Graph databases, which store and query connected information, are starting to emerge as a way of dealing with data delivered in a non-relational format, such as social networking data.

With a graph database, the focus is on the connections between data. “You’re telling the database in advance that things are connected and how, and representing those relationships physically,” as opposed to storing them in tables and relating them through indexes, said Philip Rathle, senior director of products at graph database vendor Neo Technology, at the recent NoSQL Now conference in San Jose, Calif.
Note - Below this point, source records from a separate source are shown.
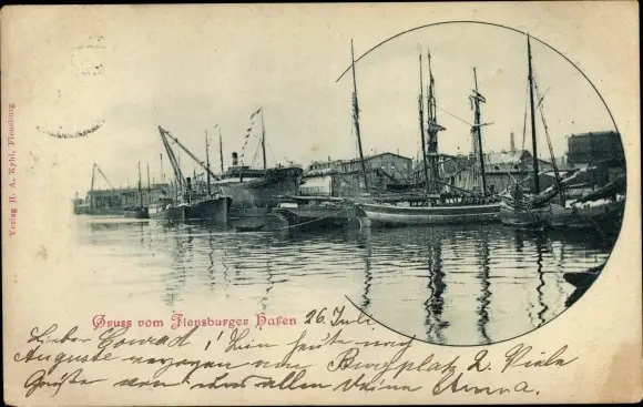 Ansichtskarte, Postkarte, Hafen, Schiffe, Boote, Dampfer, Boot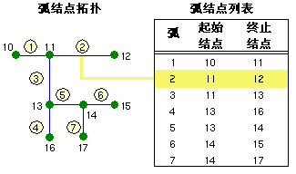 在弧-结点数据结构中,弧段由两个端点定义:指示弧段起始位置的起始结点和指示弧段终止位置的终止结点。这被称为弧-结点拓扑。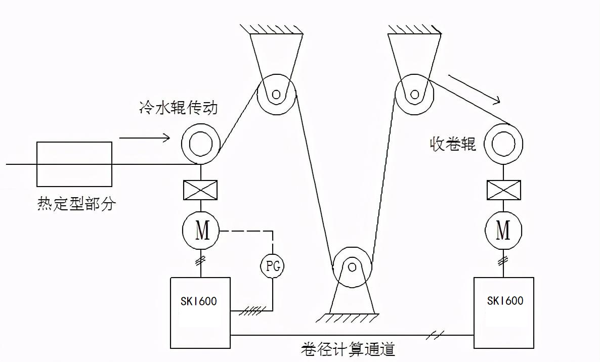 熱定型機卷取機前級為冷水輥,采用三分支SKI80高性能矢量控制變頻器和恒速控制。電機配有編碼器,編碼器利用冷水輥驅(qū)動器的速度反饋進行閉環(huán)控制。由卷繞控制的織物線速度由冷水輥變頻器的模擬輸出端口提供。卷筒空時直徑約200mm,滿時約1400mm,纏繞直徑變化7倍以上。在整個卷繞過程中,隨著卷繞直徑的增加,需要向卷繞電機提供更多的扭矩。卷筒采用三分支SKI600通用重型專用變頻器,中間安裝張力檢測輥作為斷線信號。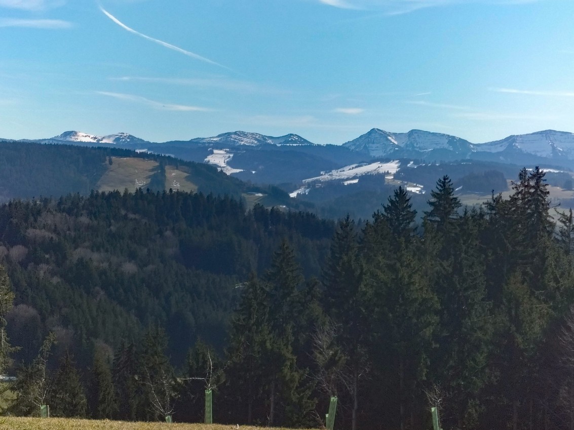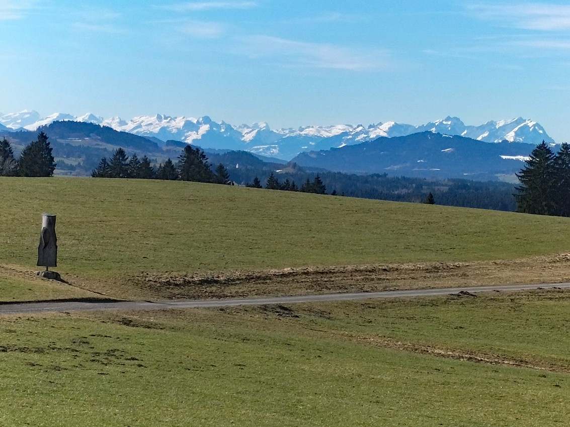 Das Waldbad von Isny ist der Ausgangspunkt einer Wanderung, die bei guter Sicht ein grandioses Bergpanorama bietet. Vom Säntis bis zum Tödi, von der Kanisfluh zur Damülser Mittagsspitze und auf die gesamte Nagelfluhkette reicht der Blick. Da kann man es auch leicht ertragen, dass der größte Teil der Wanderung auf schmalen, wenig befahrenen Sträßchen verläuft.

But there is still plenty of room for old-fashioned relational databases. A graph database is for special uses. “I definitely wouldn’t recommend a graph database if you have very tabular and well-structured data. Use a relational database for it,” said Emil Eifrem, Neo’s CEO. “But if you have data that is messy, that is complex, that is connected, then a graph database is vastly superior.” Eifrem cited applications such as a social network or fraud detection, where data is connected, as systems that could benefit from a graph database.

Usage of graph databases is increasing, but the technology still represents a “minority sport,” according to analyst Philip Howard of Bloor Research. “Graph databases are critical when the degree of separation [ie, I know x who knows y who is related to z who used to live in the same house as w etc.] between entities becomes too great to handle using conventional technology. Oracle or DB2, for example, can reasonably handle up to three degrees of separation but not the six or seven degrees you need in, say, telco fraud,” Howard said.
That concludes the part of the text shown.